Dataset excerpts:
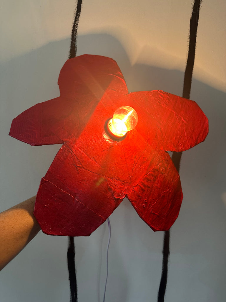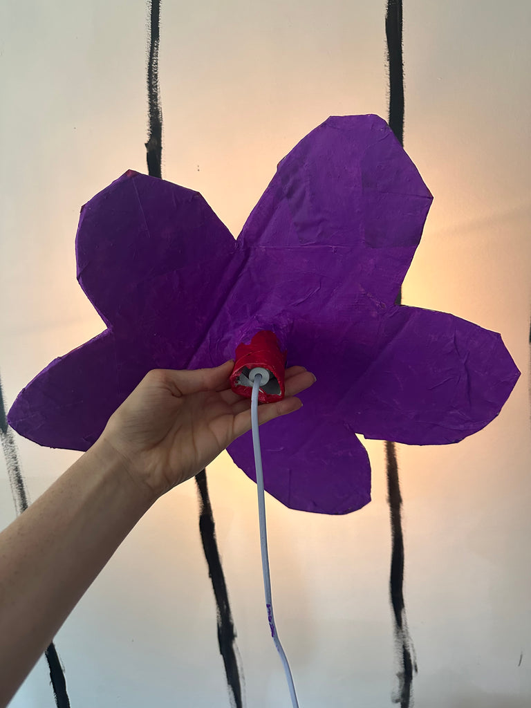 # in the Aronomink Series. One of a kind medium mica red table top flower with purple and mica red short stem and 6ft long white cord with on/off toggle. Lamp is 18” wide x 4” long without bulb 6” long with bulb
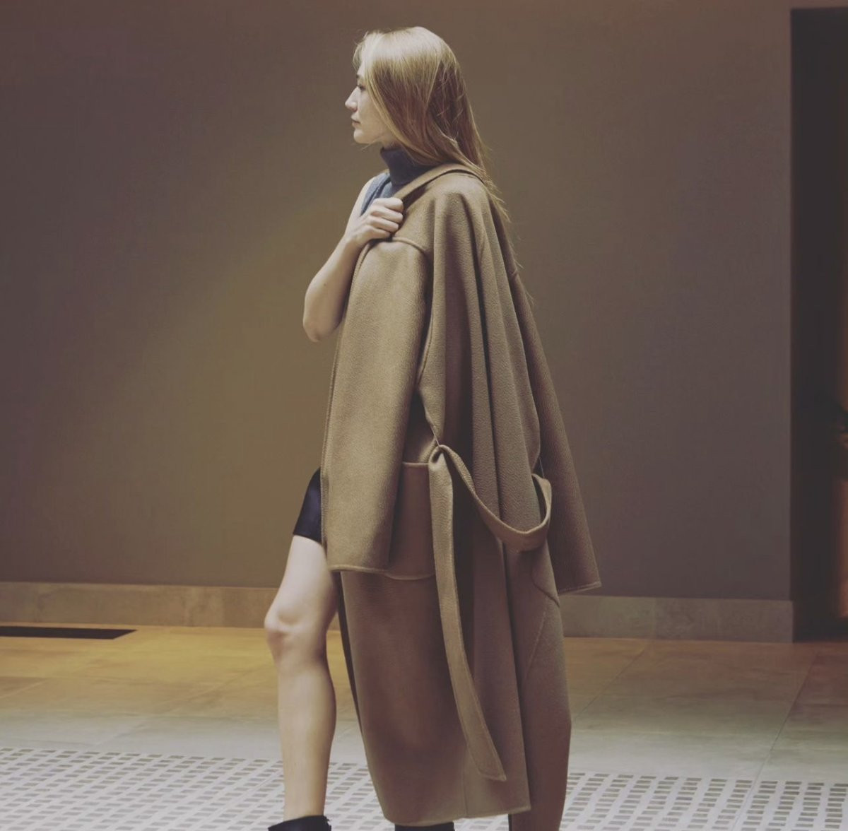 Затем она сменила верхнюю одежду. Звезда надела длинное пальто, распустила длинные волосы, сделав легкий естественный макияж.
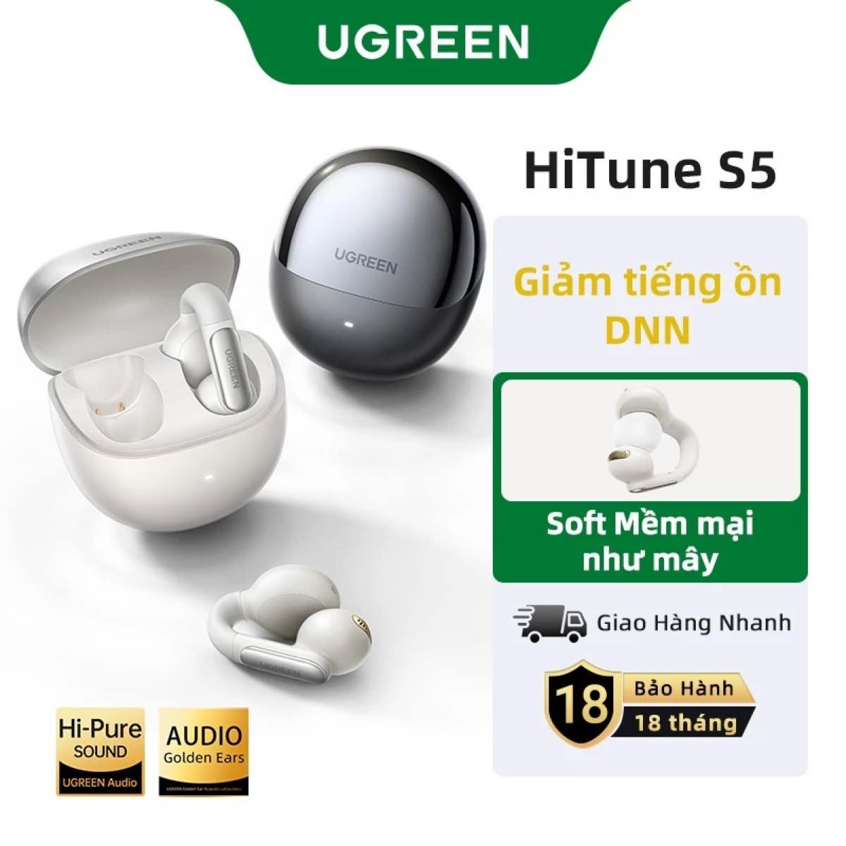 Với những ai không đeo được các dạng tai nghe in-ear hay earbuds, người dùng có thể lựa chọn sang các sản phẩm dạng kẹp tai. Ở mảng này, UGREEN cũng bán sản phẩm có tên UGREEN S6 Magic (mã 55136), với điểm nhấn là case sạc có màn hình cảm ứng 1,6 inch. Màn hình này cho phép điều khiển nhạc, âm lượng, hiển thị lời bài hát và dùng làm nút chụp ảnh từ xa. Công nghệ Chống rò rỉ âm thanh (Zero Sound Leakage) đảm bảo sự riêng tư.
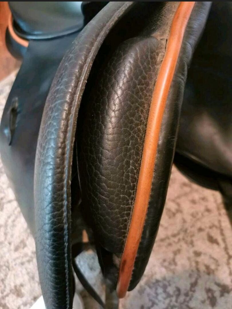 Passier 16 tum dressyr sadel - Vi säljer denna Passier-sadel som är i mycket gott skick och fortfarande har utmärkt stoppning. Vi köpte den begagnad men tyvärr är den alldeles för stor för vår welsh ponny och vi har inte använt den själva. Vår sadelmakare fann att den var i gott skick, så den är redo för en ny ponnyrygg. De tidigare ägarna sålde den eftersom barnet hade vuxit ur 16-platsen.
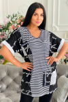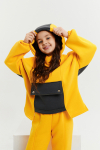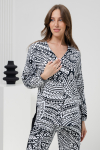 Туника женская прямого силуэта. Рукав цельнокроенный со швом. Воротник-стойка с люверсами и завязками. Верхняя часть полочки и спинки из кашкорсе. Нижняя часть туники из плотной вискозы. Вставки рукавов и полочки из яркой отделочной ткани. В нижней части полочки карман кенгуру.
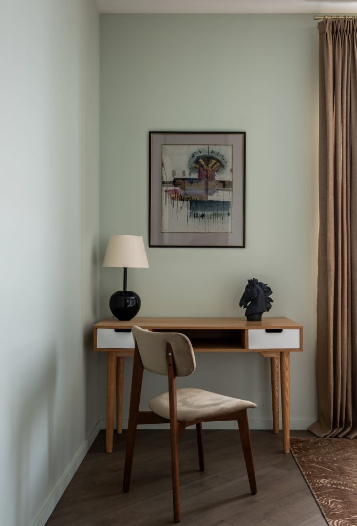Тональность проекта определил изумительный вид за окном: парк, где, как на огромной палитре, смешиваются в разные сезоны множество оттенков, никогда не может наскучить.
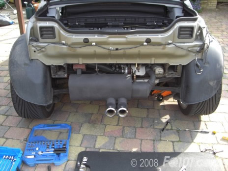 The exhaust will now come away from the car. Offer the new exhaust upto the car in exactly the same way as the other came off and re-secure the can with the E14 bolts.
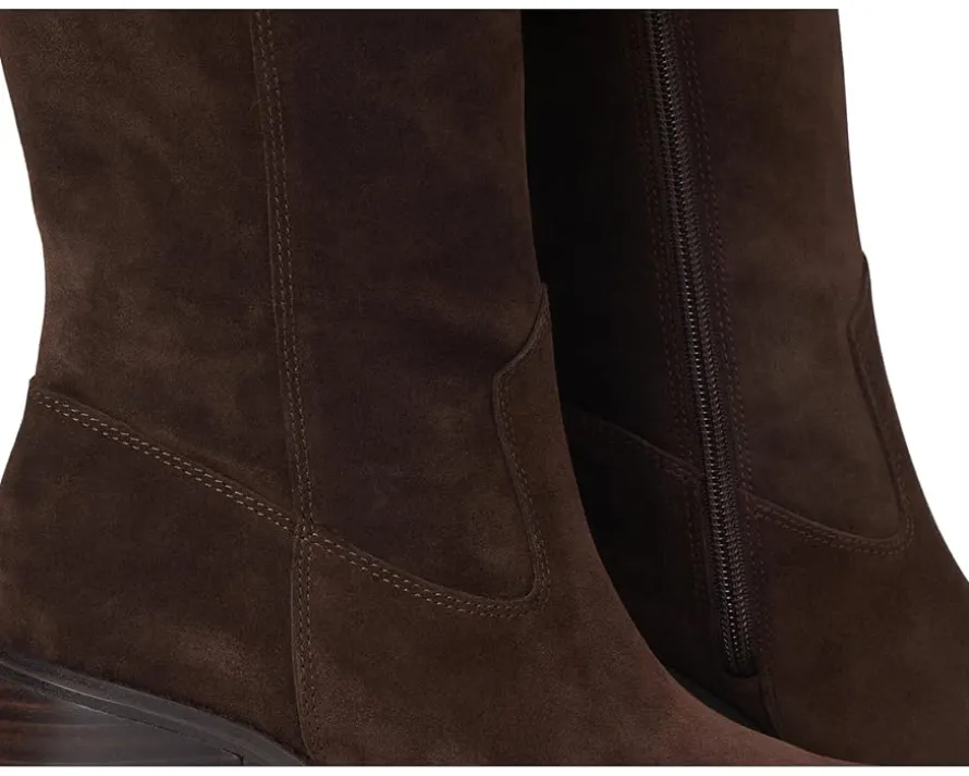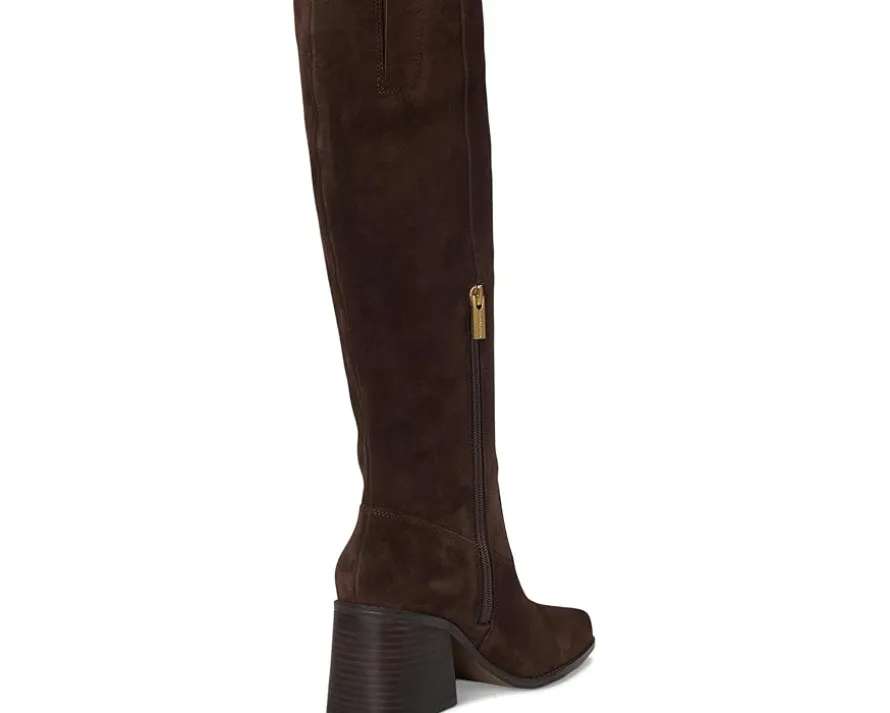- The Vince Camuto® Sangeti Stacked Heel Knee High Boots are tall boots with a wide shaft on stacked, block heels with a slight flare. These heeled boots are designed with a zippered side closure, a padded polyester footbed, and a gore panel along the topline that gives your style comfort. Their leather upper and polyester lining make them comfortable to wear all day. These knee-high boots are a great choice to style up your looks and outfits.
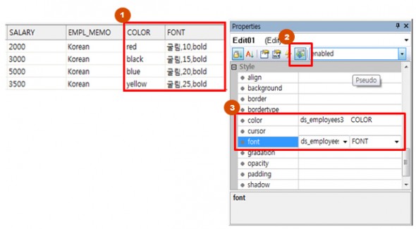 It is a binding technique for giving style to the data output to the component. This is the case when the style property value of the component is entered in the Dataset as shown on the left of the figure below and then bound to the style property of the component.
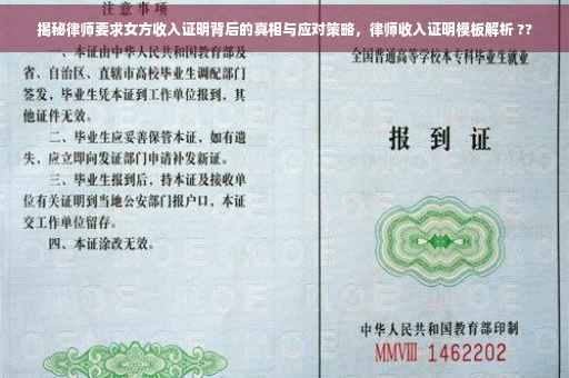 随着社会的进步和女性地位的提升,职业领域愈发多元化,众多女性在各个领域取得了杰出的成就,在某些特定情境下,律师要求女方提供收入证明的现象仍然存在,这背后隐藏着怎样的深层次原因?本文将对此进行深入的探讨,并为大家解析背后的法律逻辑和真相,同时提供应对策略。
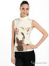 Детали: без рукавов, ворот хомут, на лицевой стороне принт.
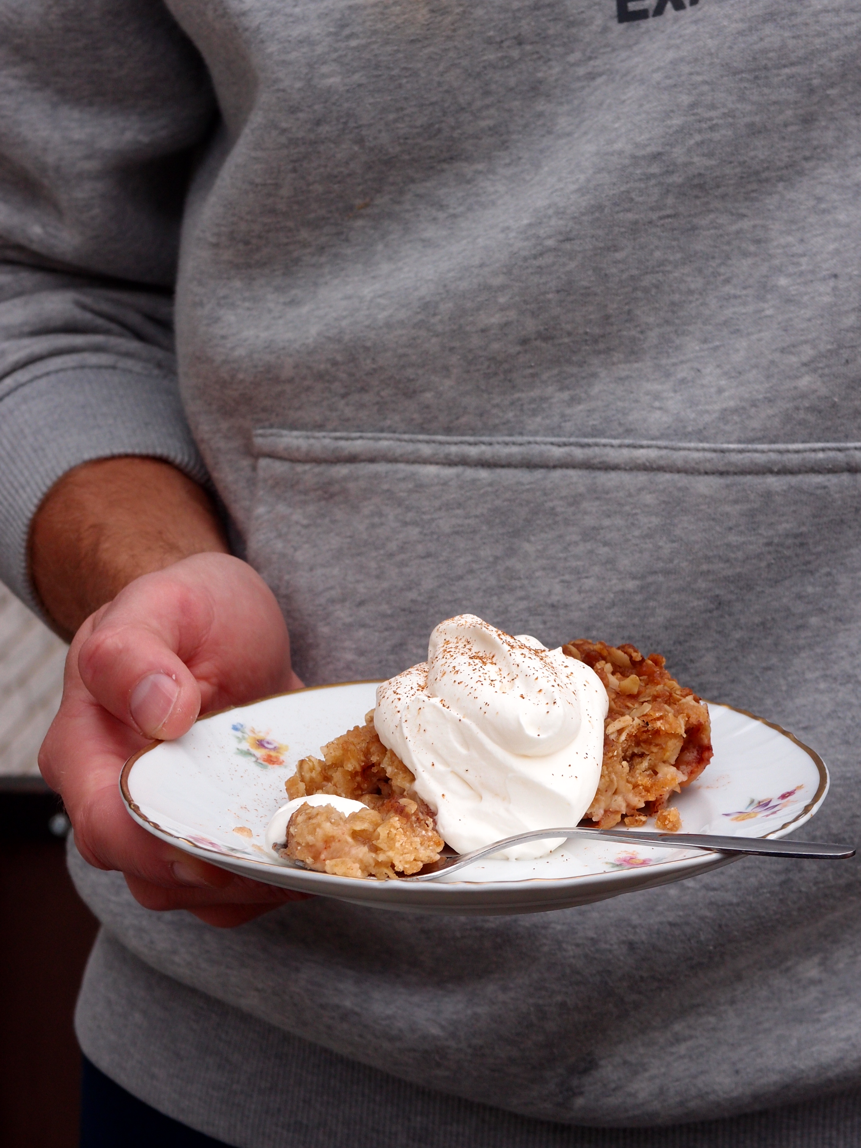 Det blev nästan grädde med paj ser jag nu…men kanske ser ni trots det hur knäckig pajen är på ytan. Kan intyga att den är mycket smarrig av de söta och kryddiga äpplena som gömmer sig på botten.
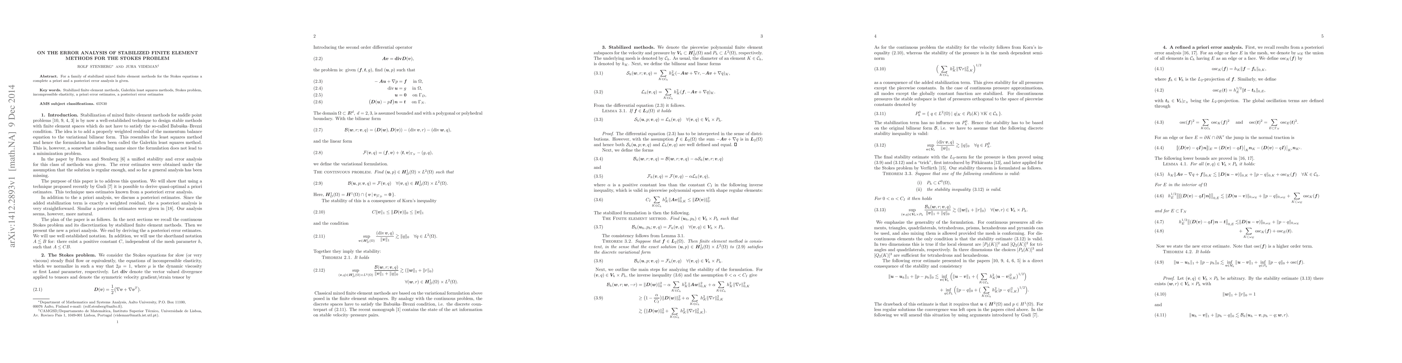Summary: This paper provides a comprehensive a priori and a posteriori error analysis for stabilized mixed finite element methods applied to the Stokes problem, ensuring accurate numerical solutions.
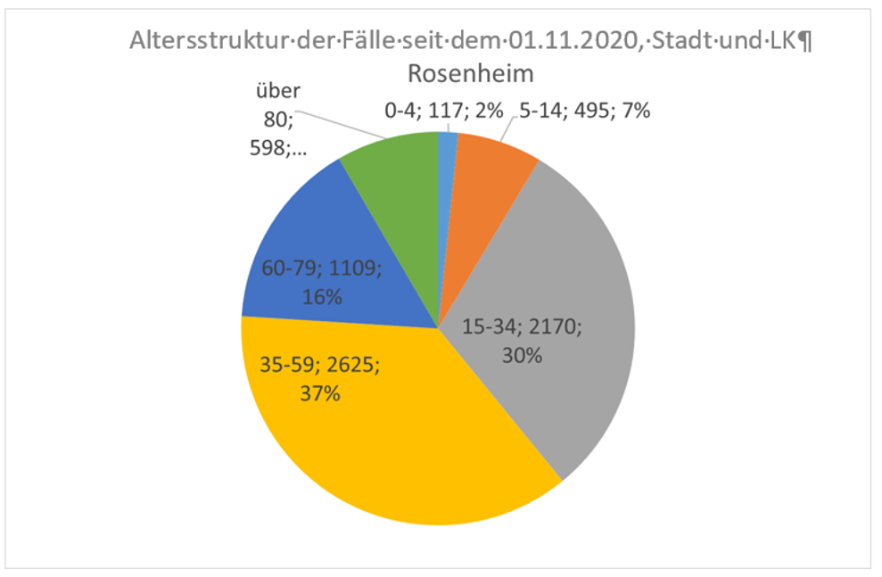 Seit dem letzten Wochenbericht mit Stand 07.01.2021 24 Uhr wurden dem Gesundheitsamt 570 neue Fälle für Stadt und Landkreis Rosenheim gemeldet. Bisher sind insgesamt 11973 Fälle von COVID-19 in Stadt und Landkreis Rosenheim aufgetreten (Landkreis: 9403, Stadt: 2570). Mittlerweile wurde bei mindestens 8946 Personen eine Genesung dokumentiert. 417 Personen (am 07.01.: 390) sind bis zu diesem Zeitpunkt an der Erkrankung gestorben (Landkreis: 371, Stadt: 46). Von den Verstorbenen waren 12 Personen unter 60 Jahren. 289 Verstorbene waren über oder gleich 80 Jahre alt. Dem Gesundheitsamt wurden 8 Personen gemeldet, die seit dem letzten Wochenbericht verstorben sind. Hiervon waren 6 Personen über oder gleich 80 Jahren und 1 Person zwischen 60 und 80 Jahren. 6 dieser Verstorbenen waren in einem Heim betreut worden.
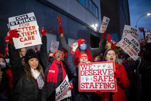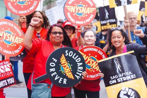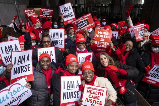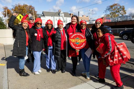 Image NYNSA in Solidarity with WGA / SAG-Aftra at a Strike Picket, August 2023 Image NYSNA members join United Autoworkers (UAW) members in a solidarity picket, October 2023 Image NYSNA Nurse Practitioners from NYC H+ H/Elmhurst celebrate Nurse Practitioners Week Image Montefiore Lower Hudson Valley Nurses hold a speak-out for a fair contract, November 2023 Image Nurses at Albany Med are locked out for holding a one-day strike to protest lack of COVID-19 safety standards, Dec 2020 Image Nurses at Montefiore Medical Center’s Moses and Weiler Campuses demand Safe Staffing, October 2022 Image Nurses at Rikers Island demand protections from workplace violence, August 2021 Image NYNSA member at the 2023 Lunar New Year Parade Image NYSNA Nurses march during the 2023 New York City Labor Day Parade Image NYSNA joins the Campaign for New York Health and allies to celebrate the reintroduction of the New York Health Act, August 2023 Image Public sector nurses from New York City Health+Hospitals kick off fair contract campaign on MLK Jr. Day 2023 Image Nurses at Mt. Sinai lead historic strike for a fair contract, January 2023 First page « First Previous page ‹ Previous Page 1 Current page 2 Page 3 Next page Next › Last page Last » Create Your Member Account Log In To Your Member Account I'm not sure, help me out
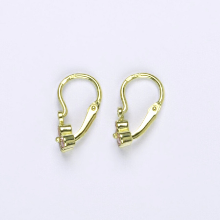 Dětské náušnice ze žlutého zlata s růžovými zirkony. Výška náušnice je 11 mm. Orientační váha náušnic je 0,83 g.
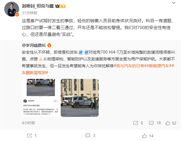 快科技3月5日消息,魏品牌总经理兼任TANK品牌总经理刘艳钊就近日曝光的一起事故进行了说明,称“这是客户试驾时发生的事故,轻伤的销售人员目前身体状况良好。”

Exercise: Output the lines, exactly: the first line of the entries above, every line after it, and the line with "Passier 16 tum" as the last. No pictures.

Output for this exercise:
 # in the Aronomink Series. One of a kind medium mica red table top flower with purple and mica red short stem and 6ft long white cord with on/off toggle. Lamp is 18” wide x 4” long without bulb 6” long with bulb
 Затем она сменила верхнюю одежду. Звезда надела длинное пальто, распустила длинные волосы, сделав легкий естественный макияж.
 Với những ai không đeo được các dạng tai nghe in-ear hay earbuds, người dùng có thể lựa chọn sang các sản phẩm dạng kẹp tai. Ở mảng này, UGREEN cũng bán sản phẩm có tên UGREEN S6 Magic (mã 55136), với điểm nhấn là case sạc có màn hình cảm ứng 1,6 inch. Màn hình này cho phép điều khiển nhạc, âm lượng, hiển thị lời bài hát và dùng làm nút chụp ảnh từ xa. Công nghệ Chống rò rỉ âm thanh (Zero Sound Leakage) đảm bảo sự riêng tư.
 Passier 16 tum dressyr sadel - Vi säljer denna Passier-sadel som är i mycket gott skick och fortfarande har utmärkt stoppning. Vi köpte den begagnad men tyvärr är den alldeles för stor för vår welsh ponny och vi har inte använt den själva. Vår sadelmakare fann att den var i gott skick, så den är redo för en ny ponnyrygg. De tidigare ägarna sålde den eftersom barnet hade vuxit ur 16-platsen.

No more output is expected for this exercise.